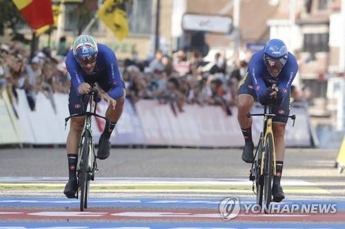 epa09481586 Italian team composed with Marta Cavalli, Elena Cecchini, Elisa Longo Borghini, Edoardo Affini, Filippo Ganna, Matteo Sobrero at the finish of the team time trial mixed relay at the 2021 Road Cycling World Championships in Bruges, Belgium, 22 September 2021. EPA/STEPHANIE LECOCQ
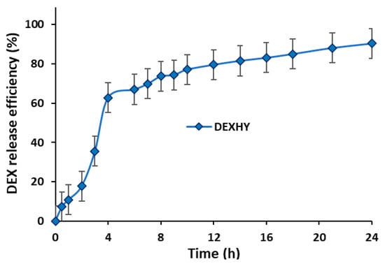 DEX release efficiency from DEXHY hydrogel. Data are mean ± SD within ±2 (n = 3).
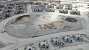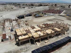 Trabajos de habilitado de acero y cimbra para el colado de columnas, trabes, losas de entrepiso y azotea, la construcción de muros con block, el repellado y aplanado fino con estuco y mortero en muros interiores y exteriores de edificios, la colocación de instalaciones hidráulicas, sanitarias y de ductería para instalaciones eléctricas y los trabajos de acarreo de material mejorado, relleno y compactación en vialidad perimetral y estacionamientos. Continuando así en la vialidad principal con la excavación, acarreo, relleno con material mejorado y la compactación e instalación de tubería para drenaje pluvial.
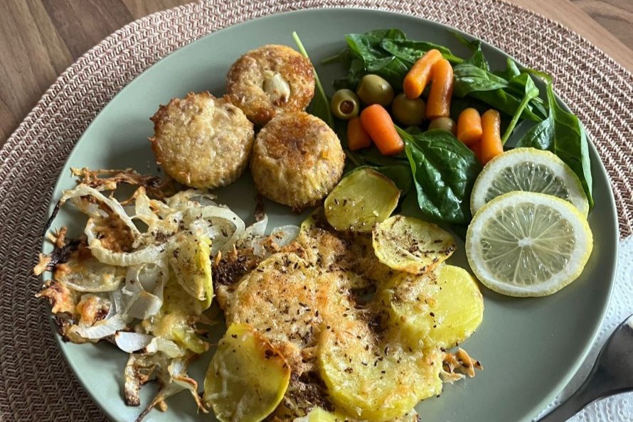 Takže tu je pre vás recept na Tuniakové guľky (fašírky) bez vyprážania v silikónových košíčkoch, doplnené o fantastickú a rýchlu Zapečenú prílohu a sviežu oblohu. Je to skvelý tip na zdravý obed alebo rýchlu večeru s minimom námahy a maximom chuti!
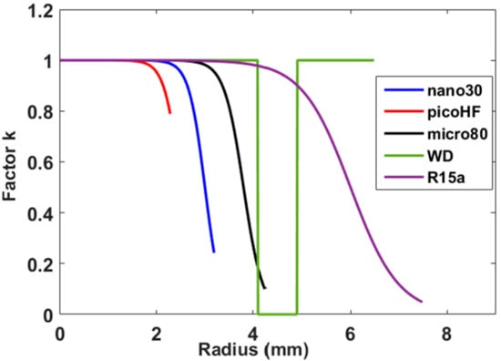 Asensor represents the area of the sensor. The radius for the sensors are equal to Rnano30 = 3.2 mm, RpicoHF = 2.3 mm and RR15 = 7.5 mm. In order to take into account the aperture effect, we introduce the k parameter, which is a real number between 0 and 1. It represents the sensitivity of a point at the distance r from the centre of the sensor surface. Figure 5 represents the evolution of the parameter k. This evolution is deduced from the work of Boulay [42]. The aperture function depends not only on the geometry of the sensor and the spatial evolutions of the sensitivity of sensor surface but also on the frequency. In this study, we do not take into account the effect of the frequency.
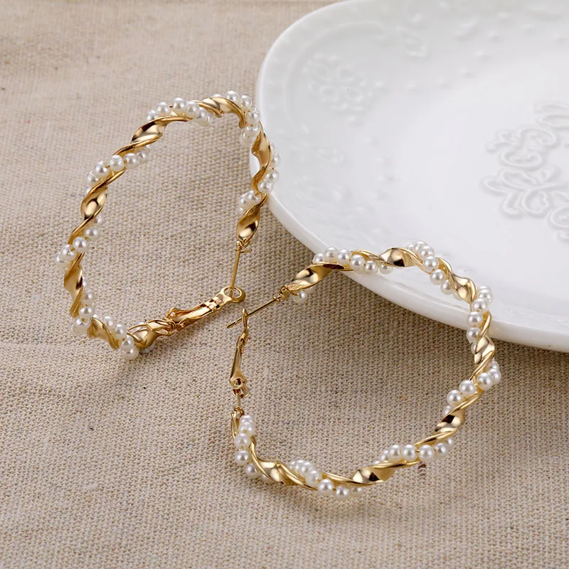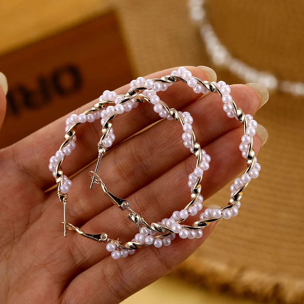 Fleepmart New Oversize Pearl Hoop Earrings for Women Exaggerates Pearl Circle Earrings Fashion Brinco Statement Fashion Jewelry

Problem requirements: Copy all the records above exactly, but leave out the pictures.

Result of this exercise:
 epa09481586 Italian team composed with Marta Cavalli, Elena Cecchini, Elisa Longo Borghini, Edoardo Affini, Filippo Ganna, Matteo Sobrero at the finish of the team time trial mixed relay at the 2021 Road Cycling World Championships in Bruges, Belgium, 22 September 2021. EPA/STEPHANIE LECOCQ
 DEX release efficiency from DEXHY hydrogel. Data are mean ± SD within ±2 (n = 3).
 Trabajos de habilitado de acero y cimbra para el colado de columnas, trabes, losas de entrepiso y azotea, la construcción de muros con block, el repellado y aplanado fino con estuco y mortero en muros interiores y exteriores de edificios, la colocación de instalaciones hidráulicas, sanitarias y de ductería para instalaciones eléctricas y los trabajos de acarreo de material mejorado, relleno y compactación en vialidad perimetral y estacionamientos. Continuando así en la vialidad principal con la excavación, acarreo, relleno con material mejorado y la compactación e instalación de tubería para drenaje pluvial.
 Takže tu je pre vás recept na Tuniakové guľky (fašírky) bez vyprážania v silikónových košíčkoch, doplnené o fantastickú a rýchlu Zapečenú prílohu a sviežu oblohu. Je to skvelý tip na zdravý obed alebo rýchlu večeru s minimom námahy a maximom chuti!
 Asensor represents the area of the sensor. The radius for the sensors are equal to Rnano30 = 3.2 mm, RpicoHF = 2.3 mm and RR15 = 7.5 mm. In order to take into account the aperture effect, we introduce the k parameter, which is a real number between 0 and 1. It represents the sensitivity of a point at the distance r from the centre of the sensor surface. Figure 5 represents the evolution of the parameter k. This evolution is deduced from the work of Boulay [42]. The aperture function depends not only on the geometry of the sensor and the spatial evolutions of the sensitivity of sensor surface but also on the frequency. In this study, we do not take into account the effect of the frequency.
 Fleepmart New Oversize Pearl Hoop Earrings for Women Exaggerates Pearl Circle Earrings Fashion Brinco Statement Fashion Jewelry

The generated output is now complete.